*SUPPLIED INFORMATION:*
* * * * *

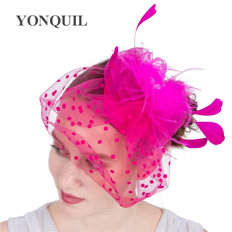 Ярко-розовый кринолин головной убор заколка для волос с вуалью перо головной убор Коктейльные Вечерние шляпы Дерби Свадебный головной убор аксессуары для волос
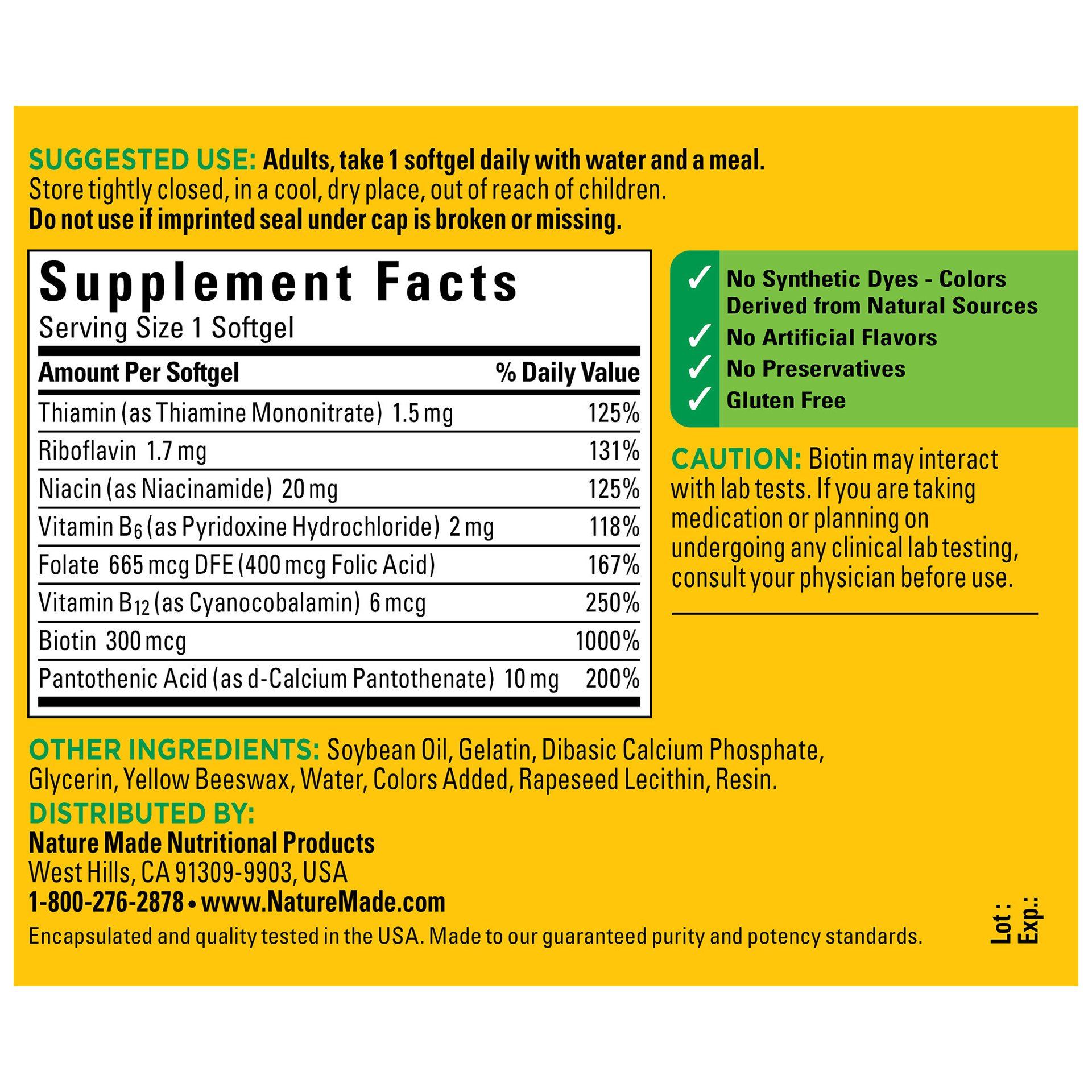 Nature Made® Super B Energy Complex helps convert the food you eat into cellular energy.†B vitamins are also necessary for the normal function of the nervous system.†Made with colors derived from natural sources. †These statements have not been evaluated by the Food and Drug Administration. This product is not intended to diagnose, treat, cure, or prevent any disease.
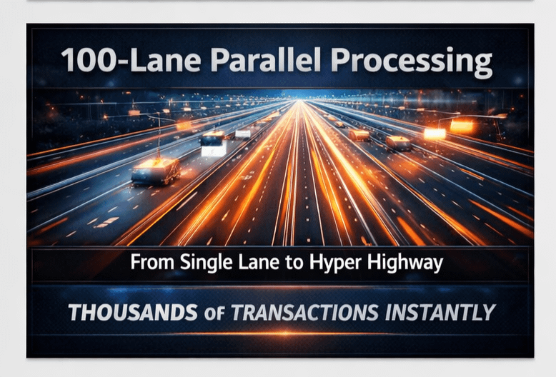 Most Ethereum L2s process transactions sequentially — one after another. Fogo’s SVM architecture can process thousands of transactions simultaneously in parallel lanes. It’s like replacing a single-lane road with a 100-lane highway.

* * * * *

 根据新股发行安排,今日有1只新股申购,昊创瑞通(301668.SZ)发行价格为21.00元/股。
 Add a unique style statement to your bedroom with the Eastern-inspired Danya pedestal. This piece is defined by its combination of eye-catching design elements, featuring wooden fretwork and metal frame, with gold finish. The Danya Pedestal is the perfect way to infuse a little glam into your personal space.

* * * * *

Transcribe the lines above exactly, beginning at the one with "Ярко-розовый кринолин головной" and ending at the one with "Most Ethereum L2s". Include both; exclude the pictures.

*THE ANSWER:*
 Ярко-розовый кринолин головной убор заколка для волос с вуалью перо головной убор Коктейльные Вечерние шляпы Дерби Свадебный головной убор аксессуары для волос
 Nature Made® Super B Energy Complex helps convert the food you eat into cellular energy.†B vitamins are also necessary for the normal function of the nervous system.†Made with colors derived from natural sources. †These statements have not been evaluated by the Food and Drug Administration. This product is not intended to diagnose, treat, cure, or prevent any disease.
 Most Ethereum L2s process transactions sequentially — one after another. Fogo’s SVM architecture can process thousands of transactions simultaneously in parallel lanes. It’s like replacing a single-lane road with a 100-lane highway.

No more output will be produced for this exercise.